Inflammation and Swelling
Swelling is slight with soreness
Muscle soreness does experience swelling as your body builds newer dense muscle tissue and inflammation but the swelling is only slight and feels pulverized.
Injury swells up like a balloon
An injury, however, will often swell up like a balloon. An injury usually swells up two or three times its normal size. Your body swells around an injury to create padding, protection, and tenderness to discourage further damage.
Duration
Natural soreness lasts for a shorter duration
Soreness from physical activity has a much shorter duration of time- typically a few days. People with muscle soreness may expect peak soreness to occur 24 to 48 hours after the activity. It may last anywhere from one to three days.
Injury may linger if not addressed
If soreness is not subsiding after three days, it may be a sign of potential injury. When soreness is accompanied by sharp pains or aches that continue to linger on after a few days, making it difficult to partake in normal, daily activities, it may because of concern. Another to identify if it is an injury is by if the pain doesn’t get any better with rest or with another workout.
Soreness sometimes can also mask an injury until it fades away.
Strength
Soreness makes the muscle feel weaker or shaky
Shaking, soreness, and a certain amount of weakness after intense exercise is a standard part of post-exercise muscle soreness and is very normal to experience. Soreness temporarily reduces strength but it usually fades in a day or so.

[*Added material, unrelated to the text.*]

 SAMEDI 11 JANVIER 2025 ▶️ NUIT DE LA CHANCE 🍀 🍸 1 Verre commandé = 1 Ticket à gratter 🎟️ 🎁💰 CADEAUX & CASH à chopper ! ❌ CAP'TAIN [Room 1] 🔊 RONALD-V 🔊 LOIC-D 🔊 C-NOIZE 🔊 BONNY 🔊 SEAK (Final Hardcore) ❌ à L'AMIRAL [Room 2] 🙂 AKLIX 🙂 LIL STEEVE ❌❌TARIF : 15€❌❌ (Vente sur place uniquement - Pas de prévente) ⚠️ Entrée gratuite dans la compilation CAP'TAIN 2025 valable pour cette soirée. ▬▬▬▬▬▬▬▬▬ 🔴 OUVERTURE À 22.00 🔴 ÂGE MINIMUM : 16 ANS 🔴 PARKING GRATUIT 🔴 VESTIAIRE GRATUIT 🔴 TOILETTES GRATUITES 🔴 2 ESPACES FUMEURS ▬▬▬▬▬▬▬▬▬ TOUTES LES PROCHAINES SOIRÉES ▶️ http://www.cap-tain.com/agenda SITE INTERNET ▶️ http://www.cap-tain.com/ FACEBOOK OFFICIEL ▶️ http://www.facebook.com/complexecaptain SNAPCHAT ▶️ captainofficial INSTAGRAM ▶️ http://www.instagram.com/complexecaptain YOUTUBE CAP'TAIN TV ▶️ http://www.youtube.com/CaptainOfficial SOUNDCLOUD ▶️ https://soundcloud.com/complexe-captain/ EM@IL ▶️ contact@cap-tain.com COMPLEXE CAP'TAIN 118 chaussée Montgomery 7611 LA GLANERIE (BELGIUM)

Injury cannot hold heavy weight
If you have torn a ligament in your ankle, calf, or knee, for example, your leg may feel a sharp pain as you step and it will not tolerate any kind of weight or stress. Unlike soreness, an injury causes your body to refuse to hold weight and creates intense weakness.
How to Get Better
Treating soreness
- Knowing your body’s limits, conditioning your body for the activity ahead and stretching post-workout.
- Get a massage. A proper joint massage with natural oil will keep your joints warm, reduce the inflammation and pain.
- Hydrate yourself. Drink plenty of water and amp up the lean protein to provide your body with muscle-building materials.
- Nutrition plays important roles in helping muscles recover.
- Allow days of rest and get adequate amount of sleep to give your body time and energy.
Treating injury
- Try ice and heat therapy that can often relieve pain, depending on the severity of the injury. Apply ice packs for 30 minutes of every 2 hours until the swelling goes down. Ice helps constrict blood vessels to reduce swelling and pain. With heat therapy, limit sessions to 20 minutes and be mindful to the level of heat you’re applying. Heat is typically used for chronic pain or conditions, old injuries and stiffness.
- Compression strategy is another good way to manage an injury. Wrap the injury in a compression bandage until the swelling starts to go down.
- Keep the injured area or spot elevated. When you are resting, elevate your injury to promote recovery. Elevate the area at least six inches above your heart which discourages swelling.
If your condition does not improve on its own or even after trying above ways, consult your doctor as soon as possible.